'Mick Mahoney is a young Aboriginal stockman standing trial for the murder of his darling missus, Mary, in front of a jury that doesn't seem to like the look of him. He casts his mind back to the week before his eighth birthday when he and his little sisters were stolen by 'the Catcher Lady' for their only sin, their original sin: part-white ancestry. But that all happened way back when his mother's Irish great, great grandfather married a gin, a full-blood Aboriginal woman, and fathered a family of half-castes. They were neither blacks nor whites yet it was reason enough to give the government fellas an excuse to kidnap Mick and his sisters and make them spend the rest of their childhood in the children's homes where their aboriginality was to be driven out of them like the devil.
It was over a year ago when Mick left the Hat Head Surf Club reunion with too many beers under his belt and Mary wanted him to stop at the derelict boys' home on their way home to show her first-hand why it was all so terrible bad there. He should never have mentioned that mongrel of a place to her. When he woke the next morning, two burly detectives busted down his front door and slapped him round, trying to get him to confess to pushing Mary into the dry swimming pool at the boys' home on purpose like and splitting her head open cause he's a no-hoper black fella that can't hold his grog.
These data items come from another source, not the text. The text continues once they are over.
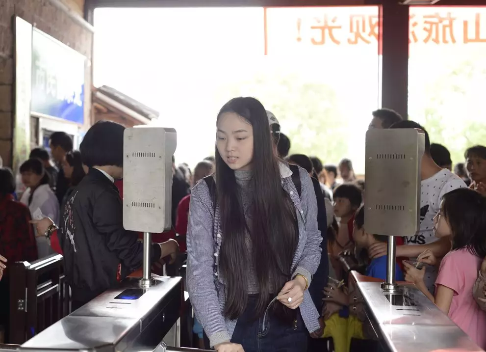 (游客正在通過(guò)人臉識(shí)別進(jìn)入景區(qū))
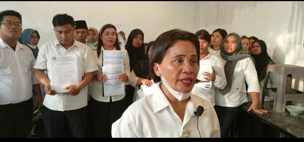 Foto : Ketua Forum Guru Honorer Merry Hasugian menyampaikan permohonan kepada Walikota Medan Bobby Nasution untuk mengangkat Guru Honorer Status P, Kamis(4/1/2024).( Dok. Agung/Red).
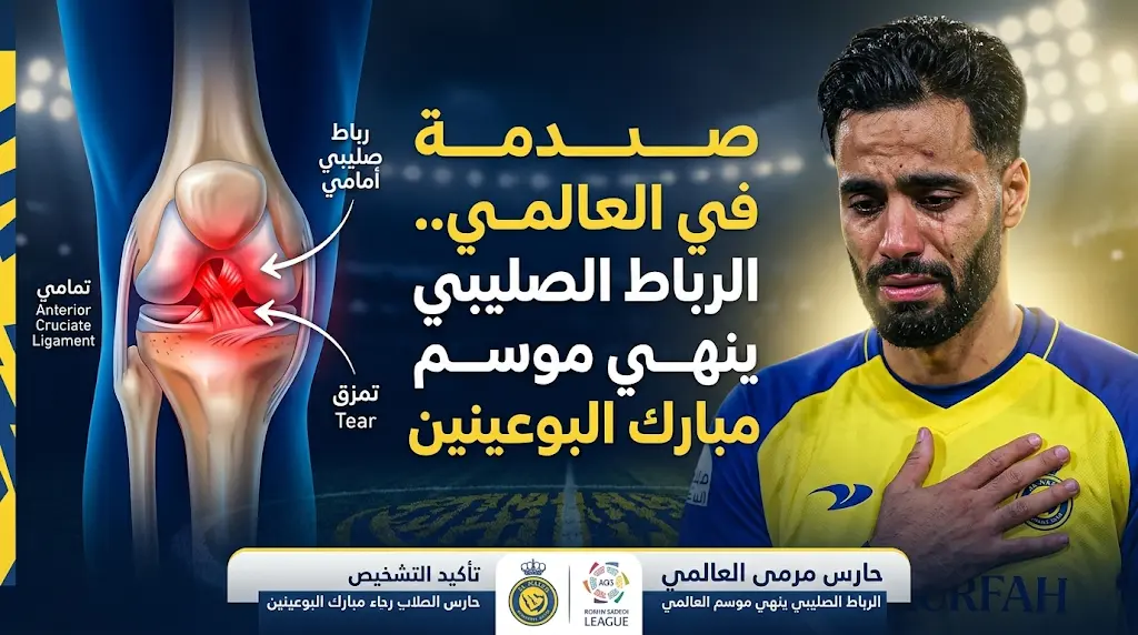 أعلن نادي النصر عبر حسابه الرسمي على منصة “إكس”، نتائج الفحوصات الطبية الدقيقة التي خضع لها الحارس مبارك البوعينين، وأكد البيان تعرض اللاعب لقطع كامل في الرباط الصليبي للركبة، وهي الإصابة التي تتطلب تدخلاً جراحياً فورياً، ومن المقرر أن يخضع البوعينين للعملية الجراحية خلال الأيام القليلة القادمة، ليبدأ بعدها برنامجاً تأهيلياً مكثفاً يمتد لعدة أشهر، مما يعني انتهاء موسمه الحالي بشكل رسمي.
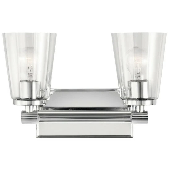 This Audrea collection 2-light bath/vanity light features a chrome finish that will complement many transitional decors. Clean lines of the steel frame add interest while the clear optic glass shades give a unique look for any bathroom or vanity space.
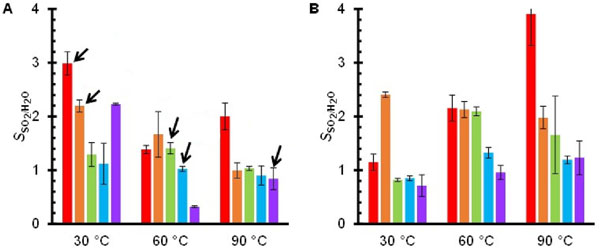 圖2:對于再生條件,五種活性炭在T=30、60和90℃的吸附溫度下的SO2/H2O選擇性。

But the coppers and all the lawyer fellas prosecuting him have got it all wrong, dead set wrong. The only hope Mick has of any salvation in this life is to place himself in the hands of the two young lawyer fellas Aboriginal Legal sent and the priest fella that's the new chaplain at Grafton Gaol, where Mick's waiting for his appeal to come up cause that bunch of old sulphur crested cockatoos on the jury never believed a word of his story. It'll take a year for the appeal to come on, way down in Sydney. So Mick's got to just bide his time: serve out his punishment for a crime he never committed.' (From the publisher's website.)
Epigraph: This book does not aim to be a work of art, an object detached from an author and from the world, pursuing in the sky its lonely flight. I could have told of my past life in another tone, in other words. I have made it sound heroic because I have within me what is needed to do so, lyricism. My concern for coherence makes it my duty to carry on my adventure in the tone of my book. It will have served to define the indications which my past presents; I have laid my finger, heavily and many times, on poverty and punished crime. It is toward these that I shall go. Not with the premeditated intention of finding them, in the manner of the Catholic saints, but slowly, without trying to evade the fatigues and horrors of the venture.
But am I being clear? It is not a matter of applying a philosophy of unhappiness. Quite the contrary. The prison - let us name that place in both the world and the mind - toward which I go offers me more joys than your honours and festivals. Nevertheless, it is these which I shall seek. I aspire to your recognition, your consecration.
Jean Genet, Journal du Voleur, 1949 - the English translation (The Thief's Journal), 1964, with foreword by Jean-Paul Sartre.